- AIM OF THE EXERCISE
Where the listing below reaches the line containing "sepatu pesta anak", start writing out lines exactly, and stop once the line containing "Die adidas Entrada" has been written.

- RECORDS TO USE
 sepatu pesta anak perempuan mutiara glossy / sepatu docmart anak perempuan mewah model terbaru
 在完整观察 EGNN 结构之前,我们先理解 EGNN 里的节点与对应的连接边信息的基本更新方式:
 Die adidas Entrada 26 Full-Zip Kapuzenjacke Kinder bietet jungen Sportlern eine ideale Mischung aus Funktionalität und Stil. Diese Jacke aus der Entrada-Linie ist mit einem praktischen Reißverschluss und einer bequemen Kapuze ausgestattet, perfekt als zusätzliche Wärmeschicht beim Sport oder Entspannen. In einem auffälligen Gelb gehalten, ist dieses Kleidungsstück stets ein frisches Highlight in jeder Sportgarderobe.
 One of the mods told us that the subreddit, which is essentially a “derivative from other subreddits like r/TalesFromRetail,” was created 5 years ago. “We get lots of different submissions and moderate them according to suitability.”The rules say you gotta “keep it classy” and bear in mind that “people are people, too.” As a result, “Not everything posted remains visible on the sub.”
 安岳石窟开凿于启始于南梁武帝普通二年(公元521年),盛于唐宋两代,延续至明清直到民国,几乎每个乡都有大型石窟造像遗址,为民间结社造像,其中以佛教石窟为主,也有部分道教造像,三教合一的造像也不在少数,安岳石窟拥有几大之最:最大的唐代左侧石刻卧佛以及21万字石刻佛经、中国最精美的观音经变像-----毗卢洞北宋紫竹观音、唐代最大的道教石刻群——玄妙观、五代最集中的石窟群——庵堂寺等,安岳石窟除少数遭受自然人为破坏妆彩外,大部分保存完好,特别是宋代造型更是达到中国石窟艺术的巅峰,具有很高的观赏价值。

==

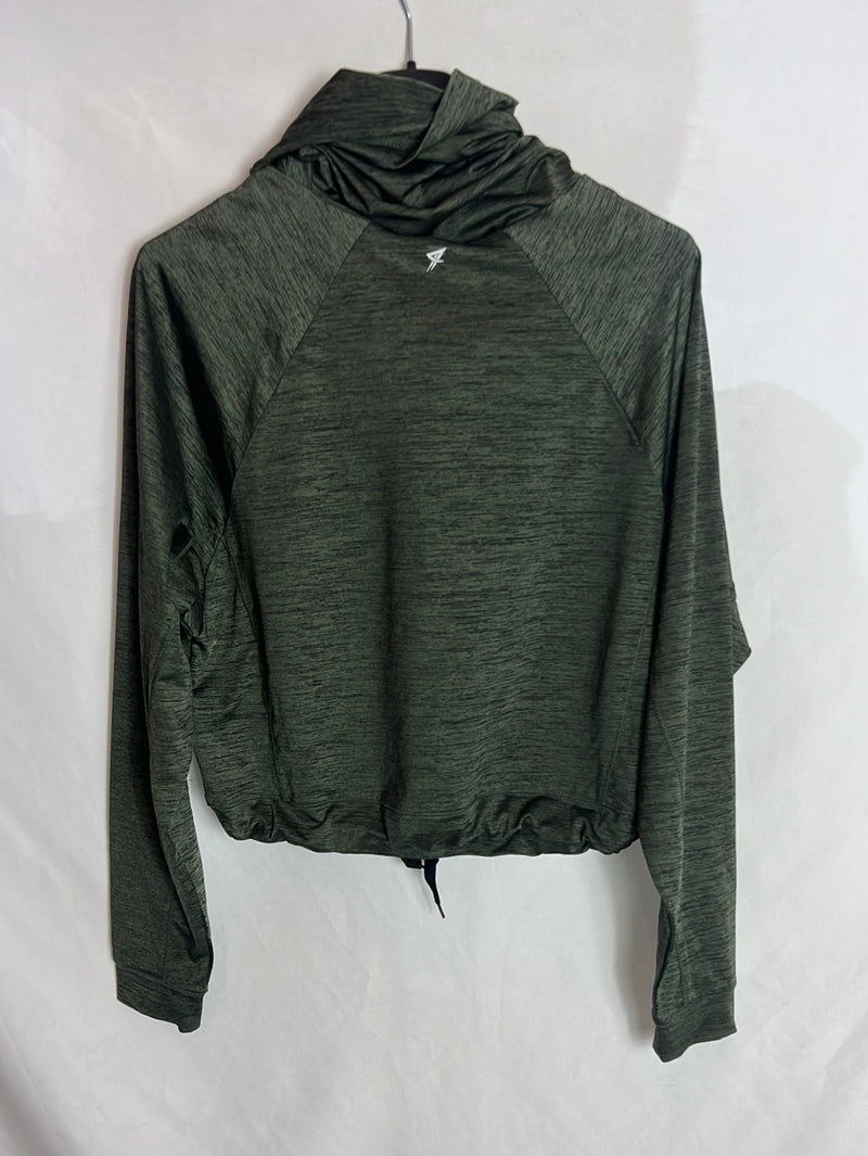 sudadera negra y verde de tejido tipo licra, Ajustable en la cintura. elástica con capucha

- WORKED SOLUTION
 sepatu pesta anak perempuan mutiara glossy / sepatu docmart anak perempuan mewah model terbaru
 在完整观察 EGNN 结构之前,我们先理解 EGNN 里的节点与对应的连接边信息的基本更新方式:
 Die adidas Entrada 26 Full-Zip Kapuzenjacke Kinder bietet jungen Sportlern eine ideale Mischung aus Funktionalität und Stil. Diese Jacke aus der Entrada-Linie ist mit einem praktischen Reißverschluss und einer bequemen Kapuze ausgestattet, perfekt als zusätzliche Wärmeschicht beim Sport oder Entspannen. In einem auffälligen Gelb gehalten, ist dieses Kleidungsstück stets ein frisches Highlight in jeder Sportgarderobe.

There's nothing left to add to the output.